Persistent Volume and Persistent Volume Claim

When you try to figure out how to create persistent storage in Kubernetes, the first two concepts you will likely encounter are Persistent Volume (PV), and Persistent Volume Claim (PVC).

So, what are they? Which one of the two works like the volume in Docker?

In fact, neither works like the volume in Docker. In addition to PV and PVC, there is also a Volume concept in Kubernetes, but it’s not like the one in Docker. We will talk about it later.

After you read a bit more about PV and PVC, you would likely realize that PV is the allocated storage and PVC is the request to use that storage. If you have some experiences previously with cloud computing or storage, you would likely think PV is a storage pool and PVC is a volume which would be carved out from the storage pool.
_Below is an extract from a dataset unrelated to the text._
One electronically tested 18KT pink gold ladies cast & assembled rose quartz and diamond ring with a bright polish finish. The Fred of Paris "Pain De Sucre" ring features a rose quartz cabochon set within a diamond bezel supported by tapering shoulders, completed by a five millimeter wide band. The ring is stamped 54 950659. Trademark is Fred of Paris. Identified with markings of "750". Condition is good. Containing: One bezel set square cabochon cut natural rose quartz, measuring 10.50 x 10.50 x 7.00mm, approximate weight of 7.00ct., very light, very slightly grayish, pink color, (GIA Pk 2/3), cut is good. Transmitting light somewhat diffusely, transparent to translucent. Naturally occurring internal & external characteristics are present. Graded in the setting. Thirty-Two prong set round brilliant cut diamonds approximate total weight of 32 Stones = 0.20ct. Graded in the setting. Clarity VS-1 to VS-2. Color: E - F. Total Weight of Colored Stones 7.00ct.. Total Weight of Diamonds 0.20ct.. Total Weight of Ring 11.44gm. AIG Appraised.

But no, that’s not what PV and PVC are. In Kubernetes, one PV maps to one PVC, and vice versa. It’s one to one mapping exclusively.
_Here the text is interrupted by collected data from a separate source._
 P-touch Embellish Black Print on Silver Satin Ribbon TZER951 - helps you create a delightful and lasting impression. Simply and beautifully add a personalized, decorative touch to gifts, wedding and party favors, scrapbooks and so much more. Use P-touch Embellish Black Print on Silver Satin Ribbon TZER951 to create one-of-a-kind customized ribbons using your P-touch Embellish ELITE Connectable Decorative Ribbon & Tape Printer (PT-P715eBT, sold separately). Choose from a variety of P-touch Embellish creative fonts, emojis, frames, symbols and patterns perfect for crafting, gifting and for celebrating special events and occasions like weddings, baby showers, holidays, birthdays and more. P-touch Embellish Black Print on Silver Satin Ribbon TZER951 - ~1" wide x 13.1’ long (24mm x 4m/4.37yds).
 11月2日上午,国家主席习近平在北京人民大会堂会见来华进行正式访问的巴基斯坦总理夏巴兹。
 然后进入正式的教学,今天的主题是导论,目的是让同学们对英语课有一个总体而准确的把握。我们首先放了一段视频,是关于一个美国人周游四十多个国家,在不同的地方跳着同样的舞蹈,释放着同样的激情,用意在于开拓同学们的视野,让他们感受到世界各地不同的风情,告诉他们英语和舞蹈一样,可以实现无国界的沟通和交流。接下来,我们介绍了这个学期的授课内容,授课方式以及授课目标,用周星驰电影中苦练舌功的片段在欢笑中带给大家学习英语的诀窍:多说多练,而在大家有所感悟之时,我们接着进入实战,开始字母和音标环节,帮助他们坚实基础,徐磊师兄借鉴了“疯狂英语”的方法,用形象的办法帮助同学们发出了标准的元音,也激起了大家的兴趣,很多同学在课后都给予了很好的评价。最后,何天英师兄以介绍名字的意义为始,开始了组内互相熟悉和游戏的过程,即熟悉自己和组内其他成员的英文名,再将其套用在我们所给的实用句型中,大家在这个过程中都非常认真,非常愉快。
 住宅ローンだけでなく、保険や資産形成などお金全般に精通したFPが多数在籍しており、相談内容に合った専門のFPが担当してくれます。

I’ve explained those multiple times to people with extensive experience with storage and cloud computing. They almost always scratch their heads after, and cannot make sense of it.

I can’t make sense of it either when I encountered those two concepts for the first time.

Let’s quote the definition of PV and PVC here:

A PersistentVolume (PV) is a piece of storage in the cluster that has been provisioned by an administrator. It is a resource in the cluster just like a node is a cluster resource. PVs are volume plugins like Volumes but have a lifecycle independent of any individual pod that uses the PV. This API object captures the details of the implementation of the storage, be that NFS, iSCSI, or a cloud-provider-specific storage system.

A PersistentVolumeClaim (PVC) is a request for storage by a user. It is similar to a pod. Pods consume node resources and PVCs consume PV resources. Pods can request specific levels of resources (CPU and Memory). Claims can request specific size and access modes (e.g., can be mounted once read/write or many times read-only).

The keywords you need to pay attention to here are by an administrator and by a user.

In short, Kubernetes separates the basic unit of storage into two concepts. PV is a piece of storage which supposed to be pre-allocated by an admin. And PVC is a request for a piece of storage by a user.

It said that Kubernetes expects the admin to allocate various sized PVs beforehand. When the user creates PVC to request a piece of storage, Kubernetes will try to match that PVC with a pre-allocated PV. If a match can be found, the PVC will be bound to the PV, and the user will start to use that pre-allocated piece of storage.

This is different from the traditional approach, in which the admin is not responsible for allocating every piece of storage. The admin just needs to give the user permission to access a certain storage pool, and decide what’s the quota for the user, then leave the user to carve out the needed pieces of the storage from the storage pool.

But in Kubernetes’s design, PV has already been carved out from the storage pool, waiting to be matched with PVC. The user can only request the pre-allocated, fixed-size pieces of storage. This results in two things:

  1. If the user only needs a 1 GiB volume, but the smallest PV available is 1 TiB, the user would have to use that 1 TiB volume. Later, the 1 TiB volume won’t be available to any other users, who are probably going to need much more than 1 GiB. This would not only cause the waste of the storage space, but also would result in a situation where some workloads cannot be started due to the resource constraint, while other workloads are using excessive amounts of resources that they don’t need.
  2. In order to alleviate the first issue, the administrator either needs to constantly communicate with the user regarding what size/performance of the storage the user needs at the time of the workload creation, or predict the demand and pre-allocate the PV accordingly.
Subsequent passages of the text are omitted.